Bobby was a more dedicated student of the master as against Velez’ own sons. That does not mean that his other sons were not as good. You always had to watch out for Chito and Eddie, they did not hesitate to hit or hurt, if necessary. Bobby was often used as “dummy” during demonstrations.
To show realism, Bobby often suffered cuts on the forehead with strikes. It was brutal! In one event, Bobby wanted to show off his skills. To cool off his up and coming student, unbeknownst to Bobby, Velez was a natural lefty, thus ambidextrous.
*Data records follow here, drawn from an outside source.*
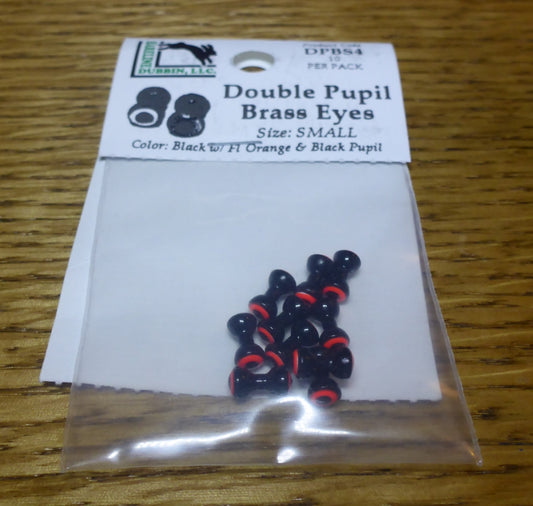 Hareline Double Pupil Brass Eyes Black & Orange – 10 Pcs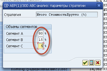 Далее необходимо указать процентное соотношение позиций А, В, С (согласно правилу Парето это будут следующие цифры: А – 80%, В – 15%, С – 5%), по умолчанию программа предложит: А-70%, В-20%, С-10%.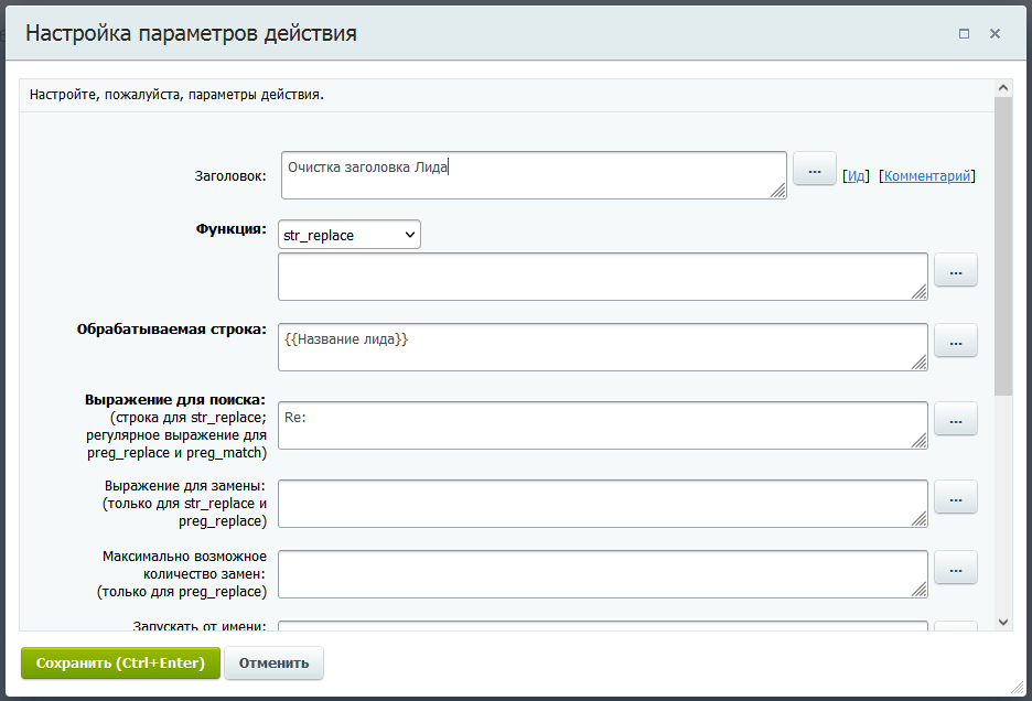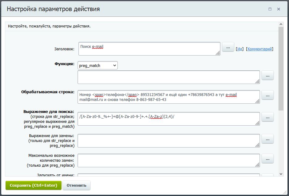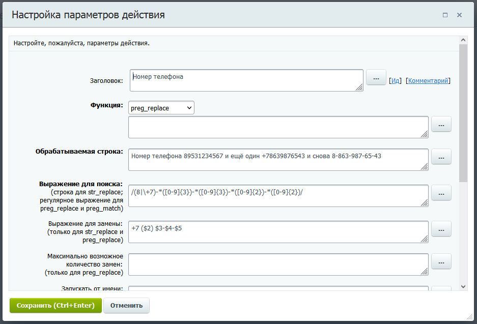 В бизнес-процессах и роботах нередко возникает потребность в автоматической замене части текста. Это может быть форматирование номера телефона, e-mail или адреса; удаление лишних пробелов или ненужных знаков (например, html-тегов); подстановка значений в шаблоны и ещё множество других задач. Всё это можно сделать с помощью этого Действия, реализующего PHP-функции str_replace (замена по строке) и preg_replace (замена по регулярному выражению). С их помощью можно: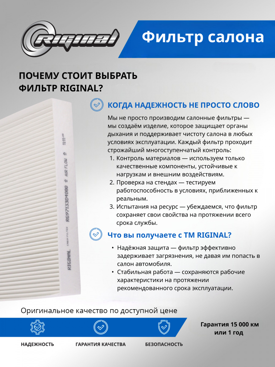 Фильтр салона от TM Riginal — это надежное и доступное решение для очистки воздуха в автомобиле. Он обеспечивает качественную фильтрацию воздуха, удаляя вредные частицы и запахи. Салонные фильтры ТМ Riginal отвечают самым высоким требованиям к пропускной способности благодаря использованию высококачественного фильтровального материала. Изготавливаются с учетом оригинальных геометрических параметров. Установка фильтра проста и не требует специальных навыков. В ассортименте Riginal представлены различные модели фильтров, что позволяет выбрать наиболее подходящий вариант для каждого автомобиля. Кроме того, фильтры ТМ Riginal соответствуют всем требованиям и стандартам качества, а также могут быть использованы как замена оригинальным фильтрам без потери эффективности.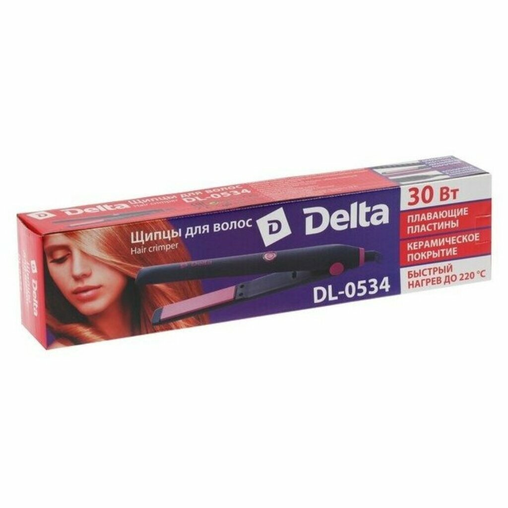 Щипцы для волос DELTA DL-0534, 30 Вт, черный с розовым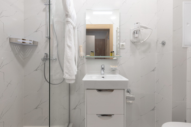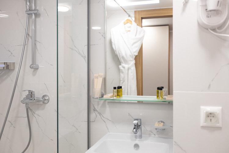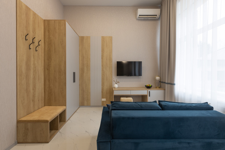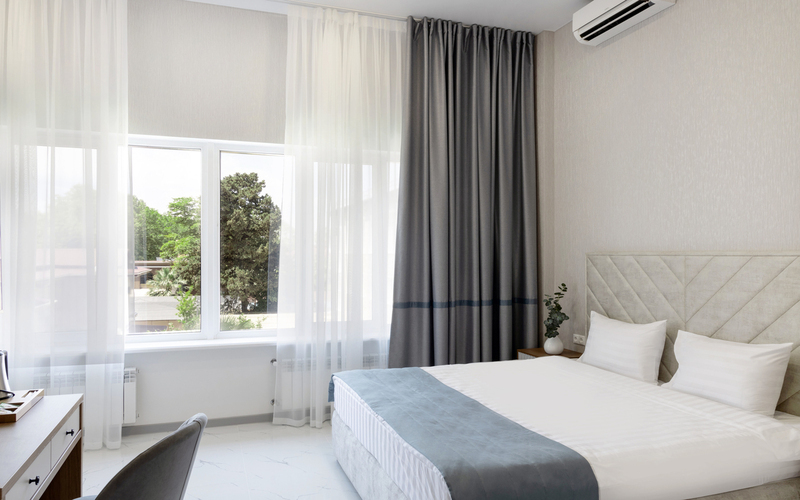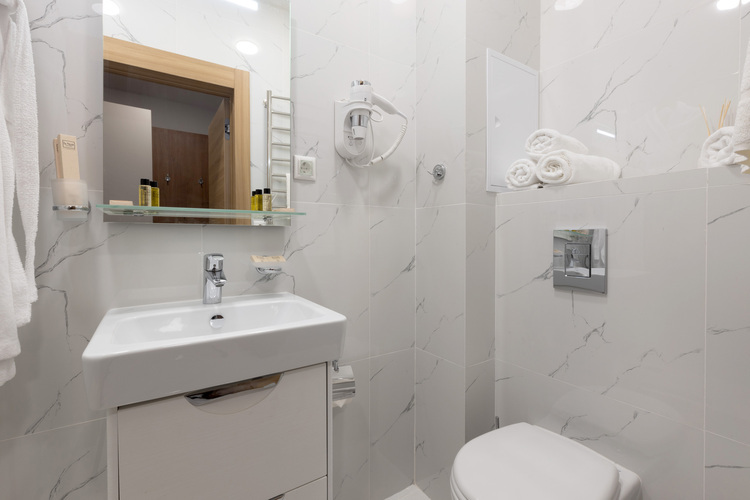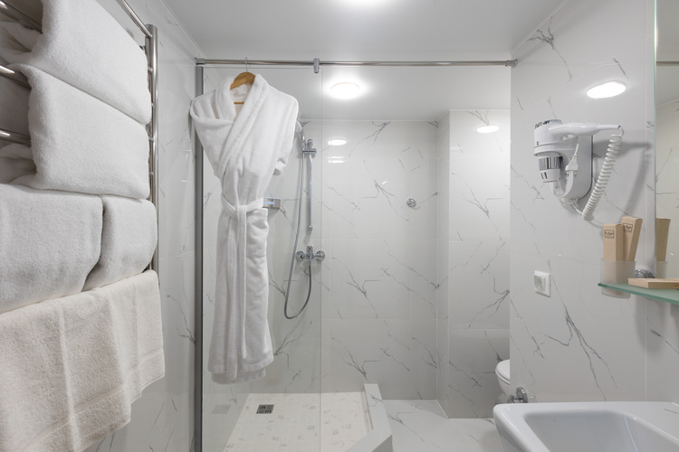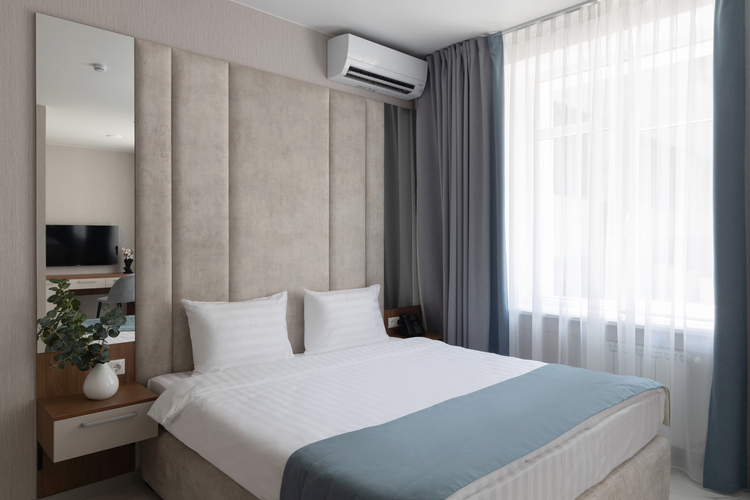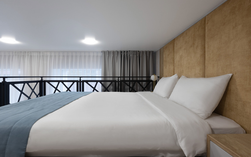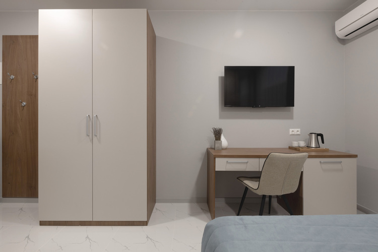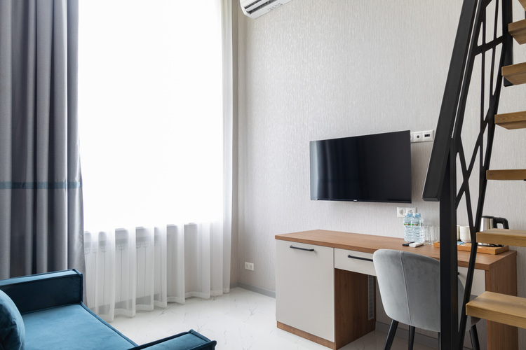 Однокомнатный номер площадью 18-24 м2, оборудованный всем необходимым для проживания. Двуспальная кровать с ортопедическим матрасом, сплит-система, места хранения вещей для эффективного использования пространства. В номере также имеются прикроватные тумбочки платяной шкаф, ТВ, стол, бесплатный Wi-Fi, телефон, индивидуальный сейф и чайная станция. Ванная комната полностью оснащена и вмещает душевую кабину, раковину, туалет, зеркало с подсветкой, фен, принадлежности для личной гигиены.

Velez shifted his stick to his left and gave Bobby a big whack which served as an object lesson on humility to his young upstart. Demonstrations by Bobby, Chito and Eddie were realistic and very scary fighting scenes – using real knives with split second thrusts and parries – with little or no safety precautions.
After college, with the author’s practice of law and business, martial arts fell in the back burner in matters of urgency. It was through Velez’ invitation that the writer resumed his eskrima studies.
The visit to his club started to become nightly and his interest intensified. Villasin also came nightly for workouts at Velez’ backyard on Sikatuna Street at the Parian District until Villasin resumed his classes in his backyard, also in the Parian District.
Velez’ backyard was a few square feet, with a pigpen on the side and benches around to accommodate the seated students. We were always sparring at very close quarters, literally and figuratively.
Velez was a friendly and affable fellow, quick to grab your hand and uncomfortably long in releasing it. He was a loyal soldier and a faithful defender of the Balintawak name.
He was also a good teacher. In his humble means, he often hosted get-togethers at his home for the Balintawak members. He was a recruiter for and promoter of the art. At his home, he ruled with an iron fist, taming his three sons Chito, Eddie and Monie Velez, his daughter Caridad and Bobby Taboada.
He was also a graceful dancer as he and Villasin would sneak out to the dance school to the consternation of their wives, early evenings to learn cha-cha and tango steps. Their wives held tight reins on them but that did not dissuade them from learning the dance steps. Their dance grace translated to eskrima grace and style.
Balintawak owes Velez gratitude for the multitude of students that grasped loyalty to the style (including the author), to Villasin and to Bacon. Velez was the PR man of Balintawak.- amiable with friends but fierce in the defense of Balintawak, especially severe and stern in handling his boys and Bobby.